EXERCISE BRIEF:
All that is wanted is the exact text of the lines below from the one with "Zooだより 2026年5月号 2026" through the one with "Maxi dress with", inclusive, minus any pictures.

Dataset items
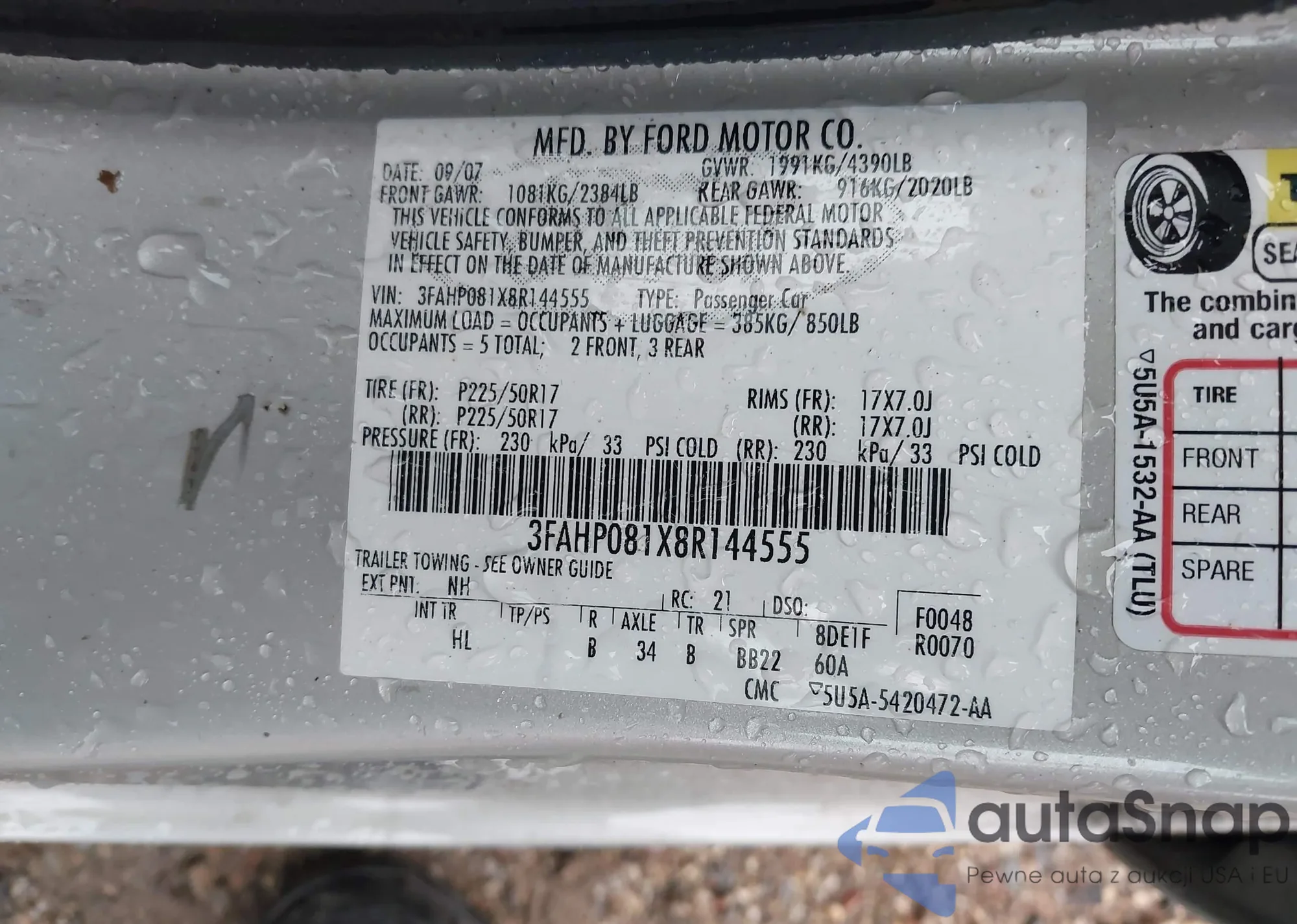 • VIN 3FAHP081X8R144555
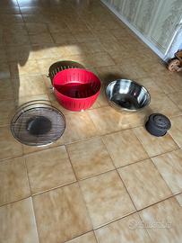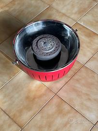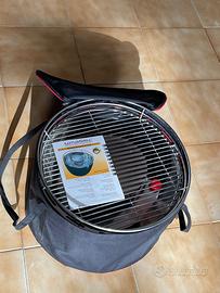 Peso: 6,5 kg Dimensioni: diametro superiore circa 435 mm, diametro inferiore circa 350 mm, altezza circa 257 mm, diametro griglia circa 405 mm. Materiale: acciaio verniciato a polvere, base metallica griglia, vasca interna, contenitore per carbonella e chiusure di sicurezza, acciaio inox.
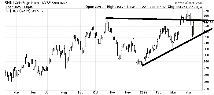I don’t feel like I have a great read on HUI, the AMEX Gold Bugs Index, because it did not break down, so the trend is still up, but it has that resistance at 360 that will be tough to overcome. If it can clear that recent high then we’d be looking at an eventual target in the mid 400s. I’m just not sure it’s ready to fly.
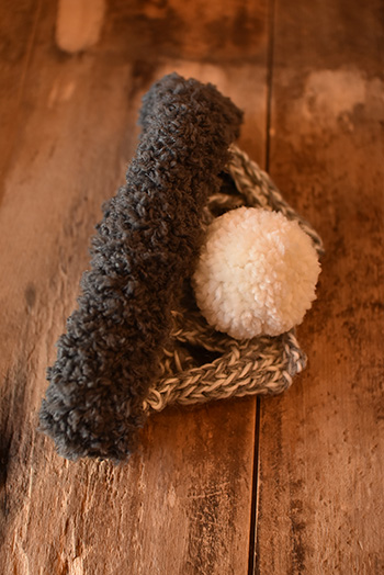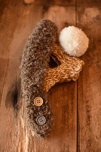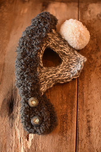 先にボタンを編み目に留めてから、頭に被せてあげると
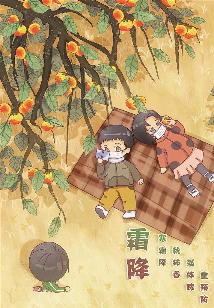 “對(duì)于在北方林馬厲兵的冷氣團(tuán)而言,霜降被列為屬于秋季的節(jié)氣,它的內(nèi)心或許有著各種不服。”他說:“霜降時(shí)節(jié)在北方,要么是已先期入冬,要么是秋與冬在研究交接工作。在華南等地,卻仍是悠悠長夏。”
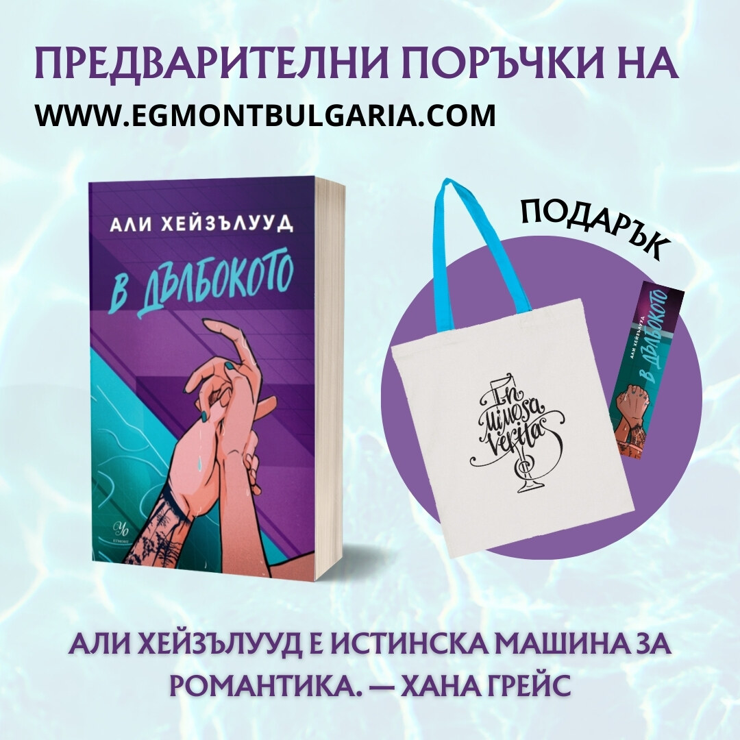 • Специално предложение. Поръчаните от уебсайта на ЕГМОНТ екземпляри от В ДЪЛБОКОТО ще бъдат придружени от ПОДАРЪК – памучна торба IN MIMOSA VERITAS и книгоразделител. Предложението е в сила до изчерпване на промоционалните количества от подаръците и единствено за уебсайта www.egmontbulgaria.com.
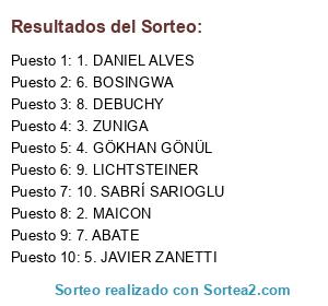Lista de participantes: DANIEL ALVES, MAICON, JAVIER ZANETTI, BOSINGWA, GOKHAN, ABATE, SABRI SARIOGLU, FANNI, JOÃO FERREIRA, LICHTSTEINER, .
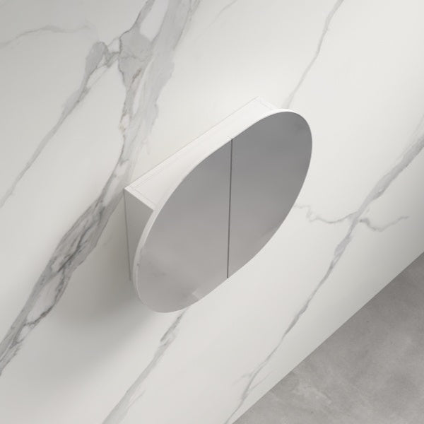 Rosy Matte White Oval Shaving Cabinet 750 x 600 x 130mm Matte White Finish Soft Closing Cabinet Doors High Moisture Resistant Plywood Installati...
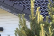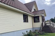 Puitvooderdus, valge, nurgad ja akna ümbrised tume punakaspruun. Värvipinda umbes 200 m2. Maja viilkatusega, seega otsad on kürgemad, umbes 20 m. Värvi ei ole muretsenud.
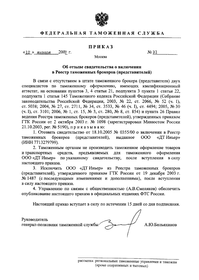 ПРИКАЗ ФТС РФ от 12.01.2007 N 31
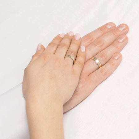 Klasické Plochý zlaté snubní prsteny o šířce 4 a 5 mm, ručně vyráběné v klenotnické dílně Gremari, jsou jedinečné klasické snubní prsteny z 14K (585) zlata, které jsou nadčasovým symbolem věčné lásky. Prsten, široký 4 a 5 mm a tlustý 1,2 mm, vypadá na ruce krásně, je nenápadný a dokonale ladí s dalšími šperky, jako jsou náramky nebo prsteny s drahými kameny, či zásnubní prsten. Nabízíme zlaté snubní prsteny ve třech drahých odstínech: klasické žluté zlato potěší svým teplým leskem a je nadčasovým symbolem manželství; elegantní bílé zlato má moderní, chladivý, zrcadlový lesk připomínající platinu; zatímco romantické růžové zlato okouzlí svým jemným, teplým a módním odstínem. Každý pár snubních prstenů je vyroben v naší dílně na zakázku zákazníka. Je možné je dále personalizovat přidáním rytiny s vlastním textem. Snubní prsteny balíme do elegantní šperkovnice, která odpovídá charakteru vaší ceremonie.
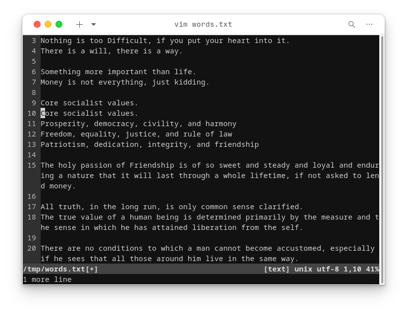 就这样,一个初学者还没有入门,基本就被劝退了。这就好比,刚学英语的时候被告知“英语至少有 25 万个单词,历史上堆积的甚至超过 40 万个,一个人一辈子大约 8 万天,要背完所有的单词至少每天记住 5 个单词”,我相信就是丘吉尔也觉得活着好累。所以学 VIM 的时候,要想退出很简单 —— 找个大佬,让他教你,他基本会把你劝退,因为他大概率上来就是一个快捷键图。
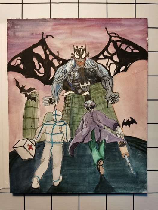 而眼下,疫情急。逆行者,英雄氣。贊白衣天使,胸懷大愛。救死扶傷為己任,臨危受命擔(dān)道義。似鐘馗、打鬼降妖魔,撼天地。
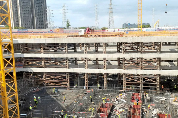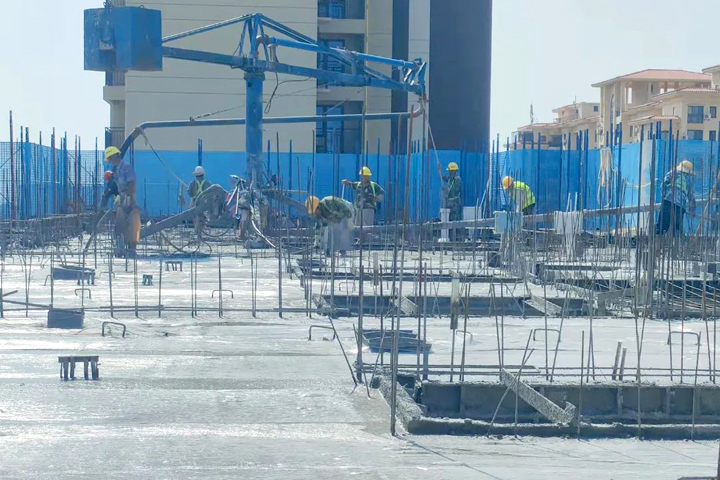 ▲东方碧桂园东方之珠项目二期工人在浇筑混凝土
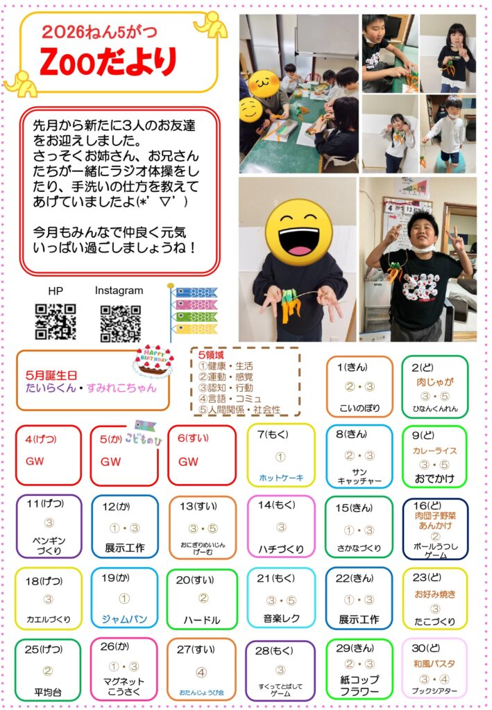 Zooだより 2026年5月号 2026 4/27 Zoo 2026年4月27日 Zoo よかったらシェアしてね! URLをコピーしました! URLをコピーしました! Zooの駅だより 2026年5月号 関連記事 Zooだより 2026年4月号 2026年3月31日 Zooだより 2026年3月号 2026年2月25日 Zooだより 2026年2月号 2026年2月5日 Zooだより 2026年1月号 2026年2月5日 Zooだより 2025年12月号 2025年11月26日 Zooだより 2025年11月号 2025年10月27日 Zooだより2025年10月号 2025年9月29日 Zooだより2025年9月号 2025年9月29日
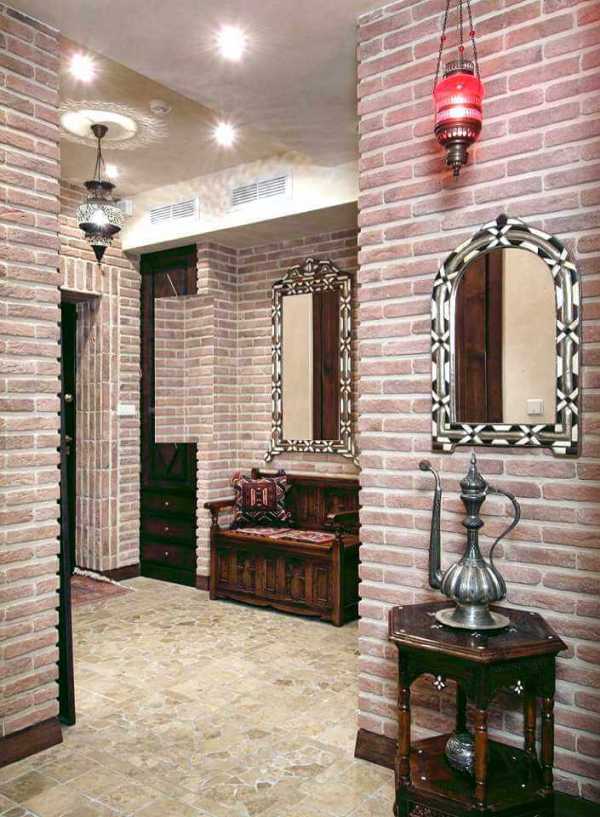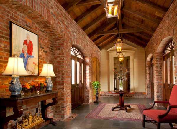 Роскошный вид имеет прихожая, все стены которой выложены из плитки под кирпич.
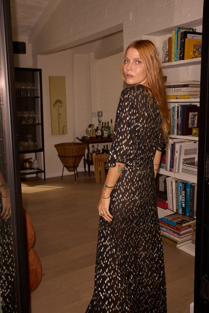Maxi dress with darted bodice and petal-like flutter sleeves.
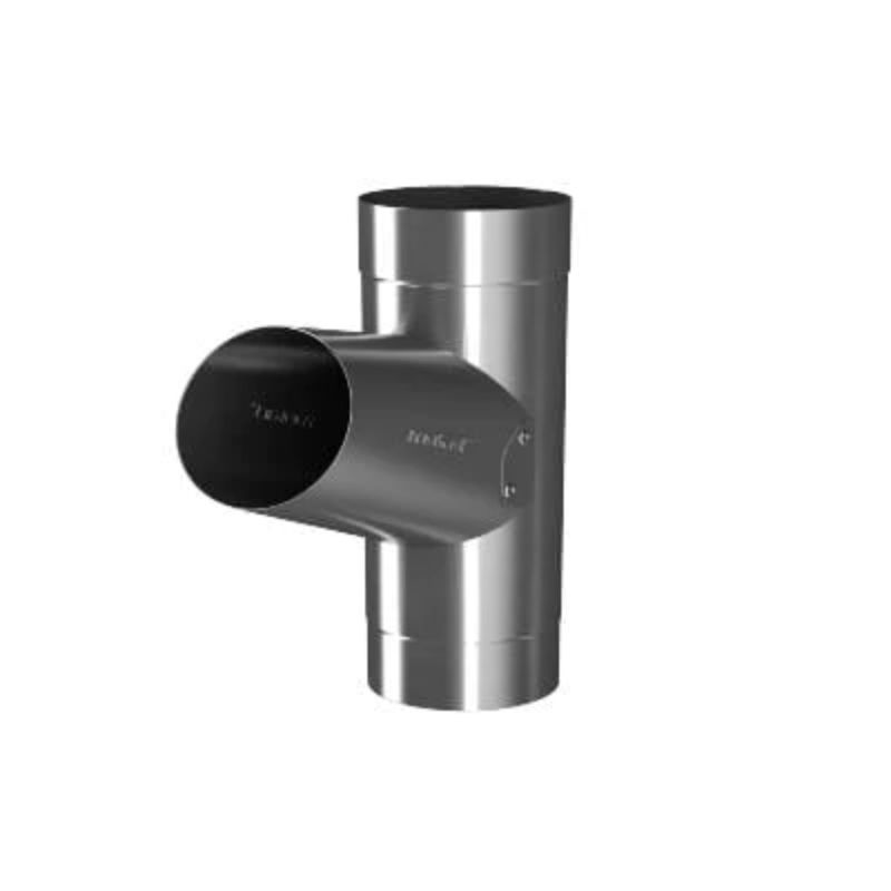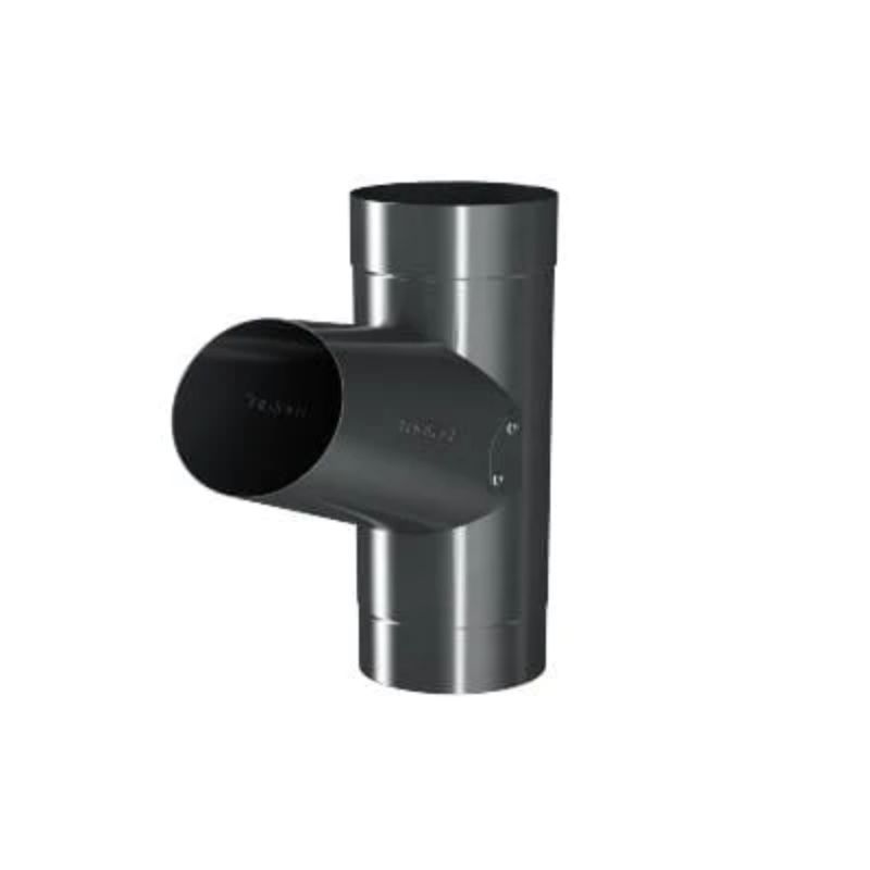 Downpipe Branch joins two water drainage pipes. Plain end on the top opening and male spigot end on the bottom to join to other lengths of pipe. The bottom end of the branch is male ended (spigoted) so fits directly into a plain end of pipe.

SOLUTION:
 Zooだより 2026年5月号 2026 4/27 Zoo 2026年4月27日 Zoo よかったらシェアしてね! URLをコピーしました! URLをコピーしました! Zooの駅だより 2026年5月号 関連記事 Zooだより 2026年4月号 2026年3月31日 Zooだより 2026年3月号 2026年2月25日 Zooだより 2026年2月号 2026年2月5日 Zooだより 2026年1月号 2026年2月5日 Zooだより 2025年12月号 2025年11月26日 Zooだより 2025年11月号 2025年10月27日 Zooだより2025年10月号 2025年9月29日 Zooだより2025年9月号 2025年9月29日
 Роскошный вид имеет прихожая, все стены которой выложены из плитки под кирпич.
Maxi dress with darted bodice and petal-like flutter sleeves.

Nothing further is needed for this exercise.